Reference Request for Methods of the Calculation of Order

Question

What are the standard methods of calculation of the order modulo $n$ of an integer $a$ where $\operatorname{gcd}(a,n)=1$?

Answer 1

I'm not an expert, but I think there's a "baby step giant step" method, when $n$ is too large for brute force to be effective.

If you know the factorization of $\phi(n)$ already, though, then you can find the order by calculating $a^k$ modulo $n$ for increasingly small divisors $k$ of $\phi(n)$. For example, take $a=342$ and $n=803=73\cdot11$, so that $\phi(n) = 720 = 2^4\cdot3^2\cdot5$. We know the order of $342 $ must divide $720$, and indeed we compute that $342^{720}\equiv1\pmod{803}$. Now we start peeling of prime factors of the exponent one at a time: by the computations \begin{align*} 342^{360}&\equiv1\pmod{803}\\ 342^{180}&\equiv1\pmod{803}\\ 342^{90}&\equiv364\pmod{803}, \end{align*} we conclude that the order of $342$ divides $180$ but not $90$ (in other words, $2^2$ divides the order but $2^3$ doesn't). Similarly, $$ 342^{60}\equiv738\pmod{803} $$ shows that the order of $342$ divides $180$ but not $60$ (in other words, $3^2$ divides the order). Finally, $$ 342^{36}\equiv1\pmod{803} $$ shows that the order is a divisor of $36$ (in other words, $5$ doesn't divide the order). We have thus pinned down the order of $342$ modulo $803$ to be exactly $36$.

Answer 2

See this section from Computational Number Theory by Abhijit Das, 1.7.2. "We do not know any efficient algorithm for computing ${\rm ord}_m a$ unless the complete prime factorization of $\phi(m)$ is provided." He gives a pretty easy algorithm which I used as the basis for my C code. Note that you can use the Carmichael Lambda instead of the totient which will be more efficient.
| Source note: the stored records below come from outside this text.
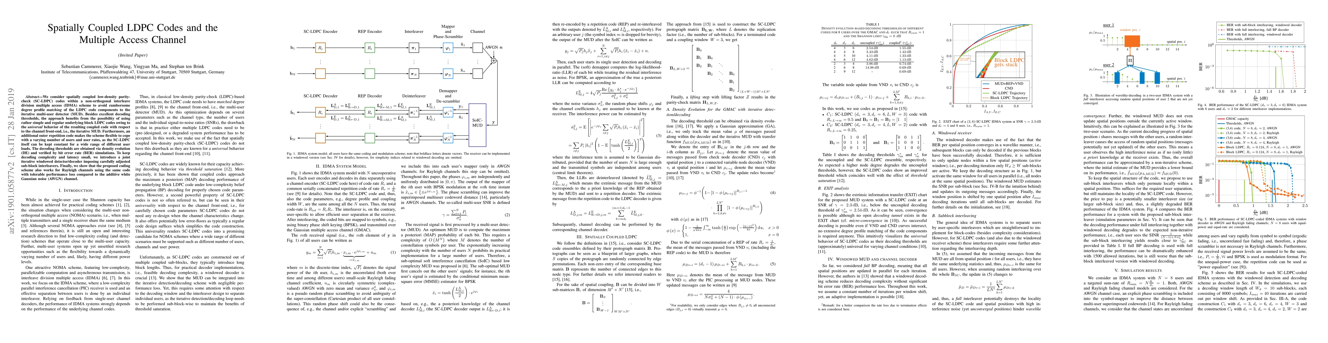 This paper proposes a spatially coupled LDPC coding scheme for non-orthogonal interleave division multiple access (IDMA) to simplify multi-user decoding, achieving high decoding thresholds with simple block LDPC codes. The scheme is flexible for varying user loads and works effectively for both Rayleigh and AWGN channels.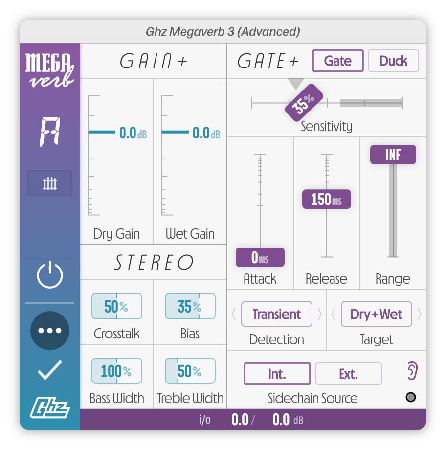 Gated reverb is a quintessentially 80’s sound, and Megaverb makes achieving that sound easy: just turn on the gate and trigger it with something transient (you can also trigger Megaverb’s gate with the built-in sidechain if desired). But Megaverb doesn’t stop there! — we’ve also added a ton of other gating and ducking options that make it possible to achieve highly dynamic, adaptive reverb sounds and other interesting gating effects. See the Advanced Gate + controls for more information on how the advanced controls work and what you can do with them.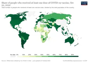 Au , 10,6 des milliards de doses de vaccin anti-covid ont été administrées dans le monde sur la base des rapports officiels des agences nationales de santé rassemblés par Our World in Data. L'OMS et la CEPI planifient actuellement le déploiement mondial de plusieurs vaccins anti-covid dans les pays en développement à forte densité de population[57],[58].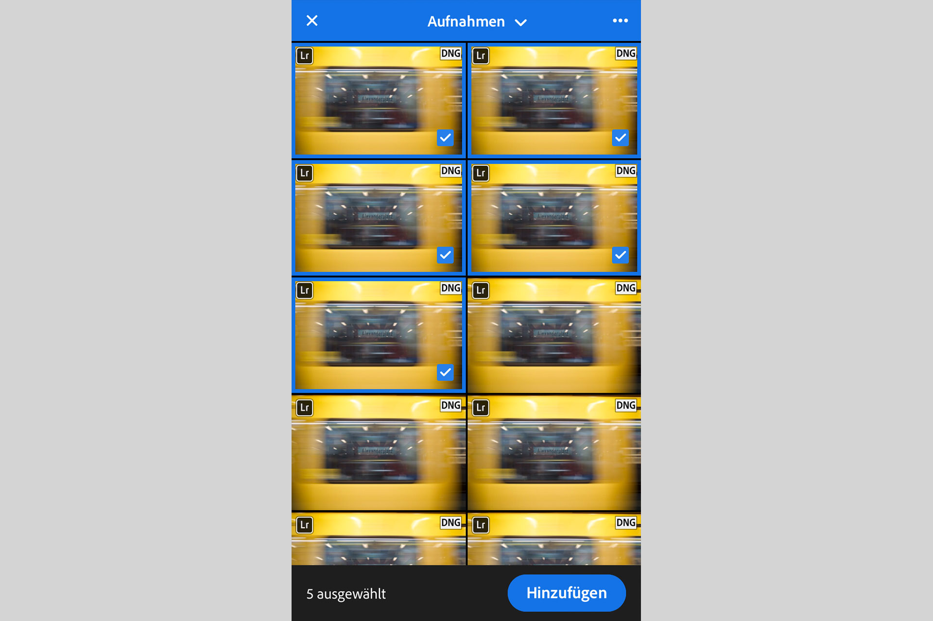 Öffne dann das neue Album und füge meine DNG Bilder „Aus Aufnahmen“, die du gerade runtergeladen hast, hinzu.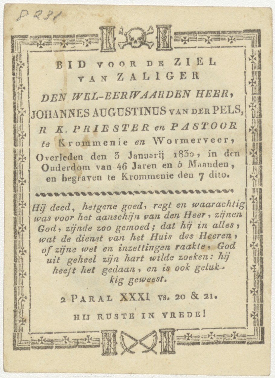 Anna te drieen, kz. Religieus; bid voor ziel Johannes Augustinus van der Pels (+1830) Krommenie, pastoor te Krommenie, Wormerveer

Pari's implementation is in src/basemath/arith1.c. I'm not going to try to reverse engineer it, but the first step is factoring $n$ so it looks like it is doing something similar. Edit: it looks like it's doing more-or-less Algorithm 1.4.3 from Cohen (no surprise) though with some tweaks. Menezes's Algorithm 4.79 looks the same as Cohens.